Overall, I thought the show was excellent. Tyson does a tremendous job going over a LOT of information. He starts off explaining where the Earth is in the vastness of the universe, which can lead to a bit of an existential crisis if it hits you right, then heads off into the history of Giordano Bruno, who was killed for believing in Heliocentrism.
The historical scenes featuring Bruno were done in an interesting looking animation that was reminiscent of the animation used in Harry Potter: the Deathly Hallows Part I. From there Tyson went over a brief history of the cosmos and then onto an even briefer history of humanity.
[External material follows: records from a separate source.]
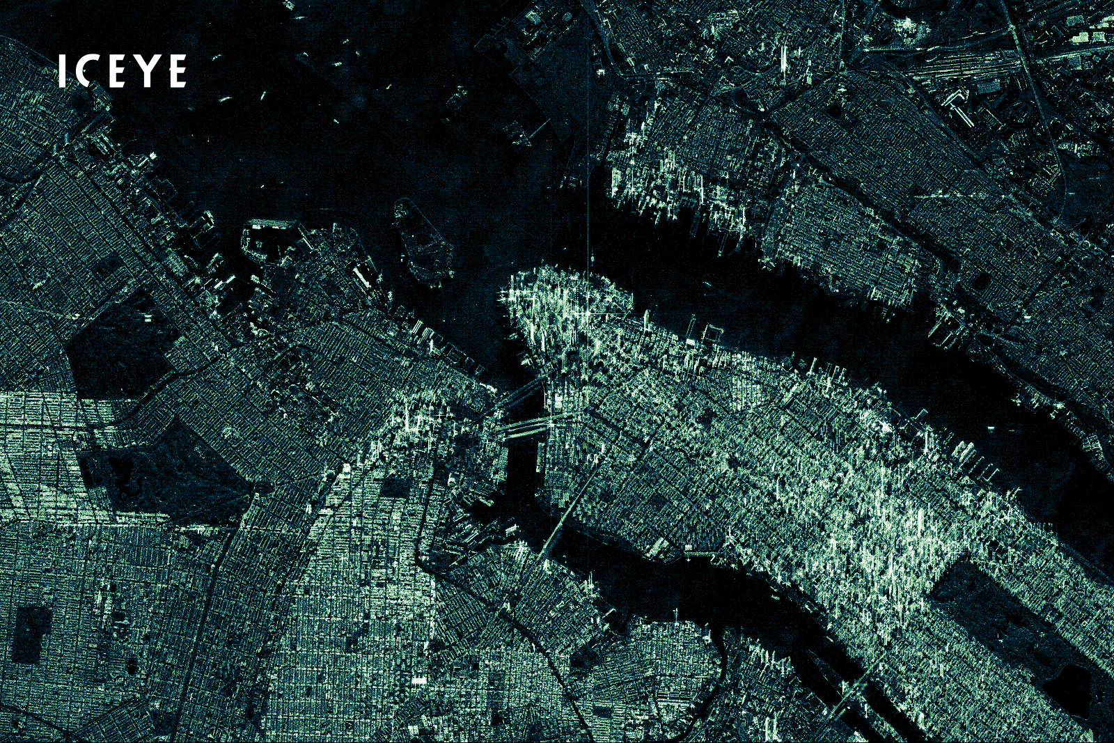 ICEYE radar satellite image of New York, NY, taken in March 2020.
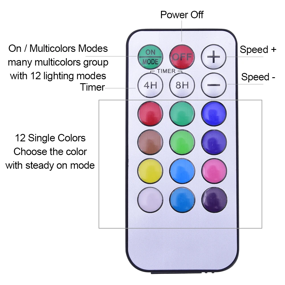 * 【Таймер и 12 режимов освещения регулировка скорости с скоростью + и скоростью-, 4H/6H/8H режим таймера часов, два вида ИК-пульта, с различными функциями.
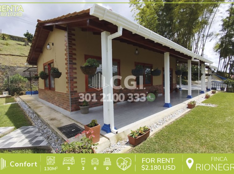 189-10-248 Hermosa finca disponible para la renta en Rionegro, Antioquia., cuenta con un área total de 1.500 mts2 y 130 mts2 construidos y distribuidos en sala comedor, zona de ropas, cocina semi integral, baño social, 3 habitaciones con clóset, una de ellas con baño privado y 6 parqueaderos. Ubicado en unidad con seguridad privada 24/7, fogatero, jacuzzi y zona BBQ, a su alrededor podemos encontrar la vía de la avícola Kakaraka, con vías de acceso como la autopista Medellín – Bogotá, Medellín – Rionegro y gran variedad de rutas de transporte público. CONFORT GESTORES INMOBILIARIOS – Arriendo en Rionegro
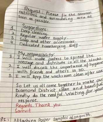 A letter to the chair person of the community stating problem with washrooms and probable solutions.

I thought the presentation was absolutely gorgeous. Everything was very clean and sleek, especially the “views” of outer space. Neil deGrasse Tyson is a tremendous host and did a great job going over a lot of complex ideas and making it very interesting. I definitely recommend checking it out. It airs Sunday nights on Fox and Monday nights on Nat Geo. At the very end of the show, Tyson picks up Carl Sagan’s calendar book from the 1970’s and shows the name “Neil Tyson” penciled in on December 20. He then tells the story of how Sagan, one of the biggest names in science, took time out of his busy schedule to meet with a 19 year old aspiring scientist from the Bronx. That was probably one of the most personal moments of the show, and it definitely makes the viewer connect to the show and the show’s host on a personal level. If you are interested in checking it out, I imagine Nat Geo is going to be re-airing it nonstop for the foreseeable future.